I have a few machines (4) which are experiencing intermittent network card/driver lockup problems. The machines are dual 600 P3 machines. lsmod shows the eepro100.o driver is loaded. When the lockup occurs the machine is unpingable. I was able to confirm that an ifconfig eth0 down up resets the card/driver and restores connectivity. eth0: OEM i82557/i82558 10/100 Ethernet at 0x9400, 00:D0:B7:20:37:BB, IRQ 19. Receiver lock-up bug exists -- enabling work-around. Board assembly 733470-004, Physical connectors present: RJ45 Primary interface chip i82555 PHY #1. General self-test: passed. Serial sub-system self-test: passed. Internal registers self-test: passed. ROM checksum self-test: passed (0x04f4518b).

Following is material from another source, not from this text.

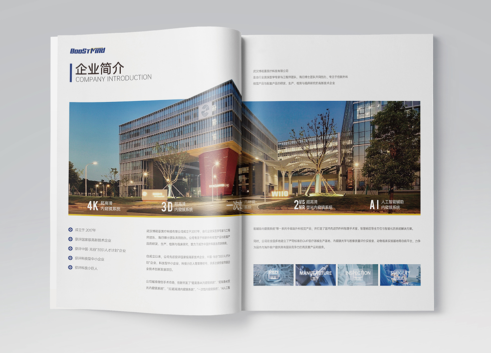 項目背景:武漢博視曼醫療科技有限公司的的畫冊宣傳其內窺鏡的相關視覺產品,凸顯公司的服務與產品的質量,艾的爾設計接受其委托,承接畫冊設計項目。在畫冊設計、創意的過程中,設計師通過對行業屬性進行深入地了解,根據企業屬性,進行了畫冊設計、創意。因此在畫冊設計中以藍與灰定調,點綴黃色,延續品牌視覺標準色,同時凸顯專業性的沉穩可靠。整體版式突出圖片篇幅,冷調圖為主,凸顯產品品質,能最大視覺與感官上傳達產品的宣傳與公司服務內容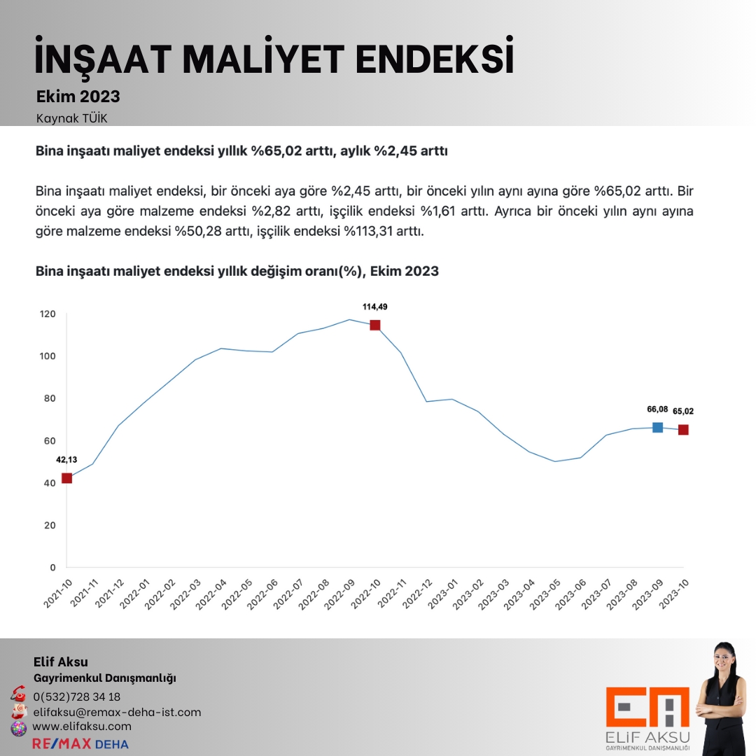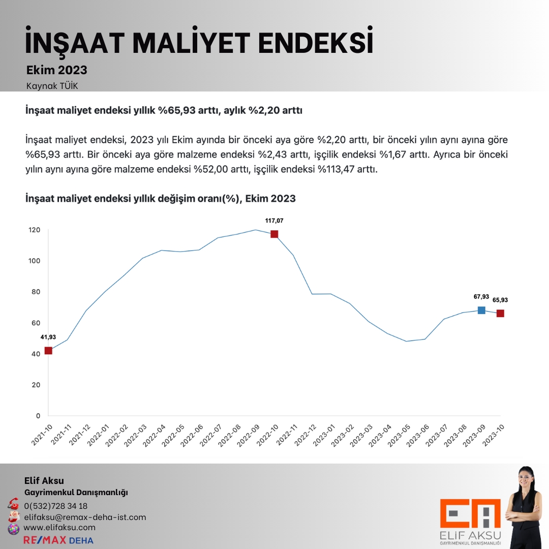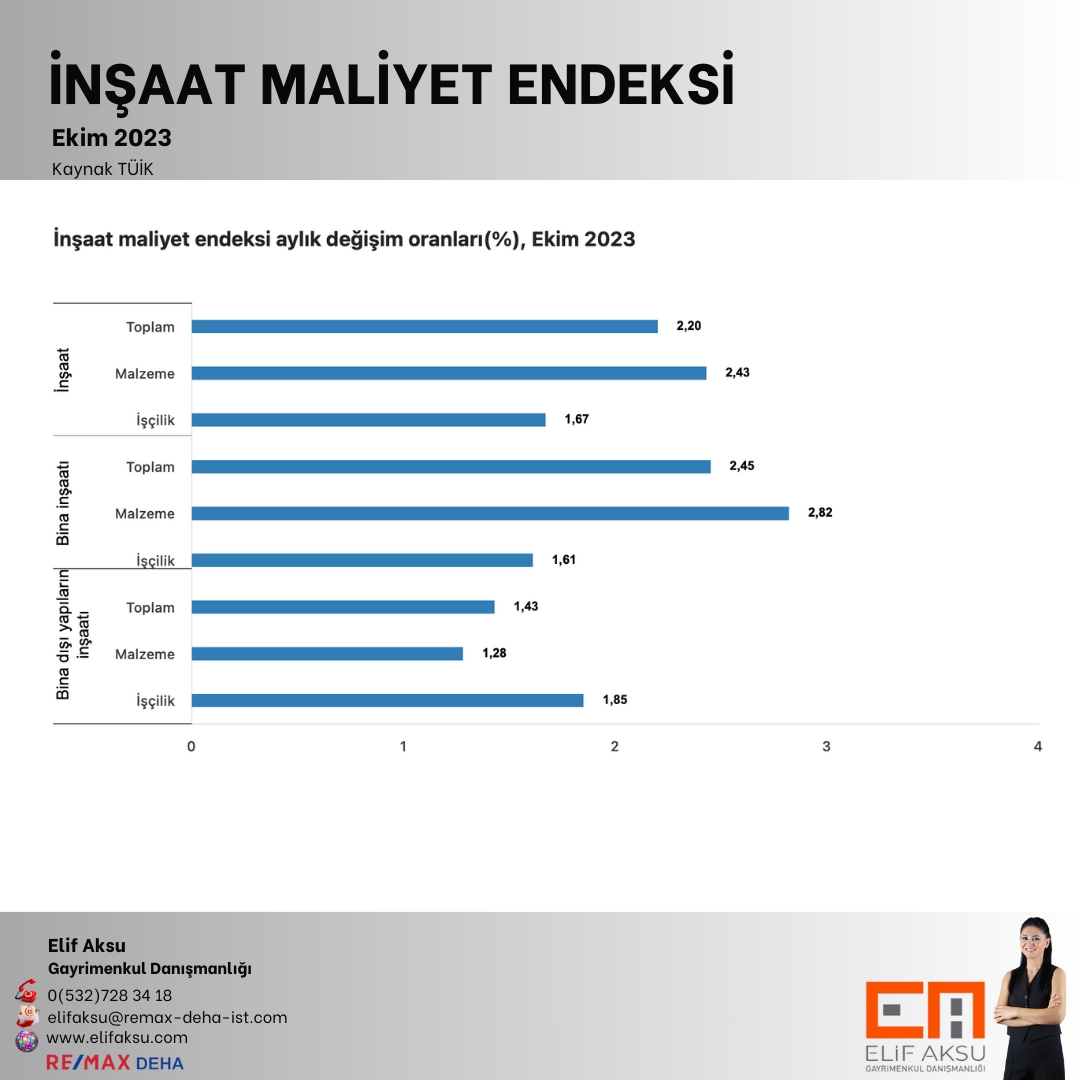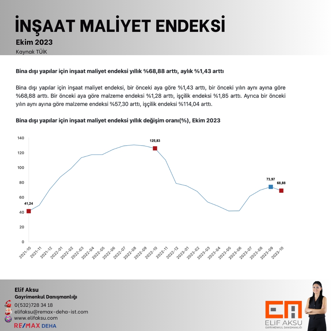 İnşaat maliyet endeksi, 2023 yılı Ekim ayında bir önceki aya göre %2.20 arttı, bir önceki yılın aynı ayına göre %65.93 arttı. Bir önceki aya göre malzeme endeksi %2.43 arttı, işçilik endeksi %1.67 arttı.

More info: I find out that the actual chipset on the cards is in fact Intel 82559. It seems that the driver mis-identifies this chipset and so possibly disagrees with it in some fashion. At this time I have replaced 6 NICs with 3C905B and things seem to be working well. Looks like the eepro100.c driver potentially needs a tweak.
The lockups have continued even with 3Com 3C905c network cards. We now suspect that there is an SMP problem and have booted the non-SMP kernel on one machine to test.
Ok, so now we know that SMP is NOT the problem. We continue to have lockups with either kernel version.
Did these stop with the newer kernels in 6.2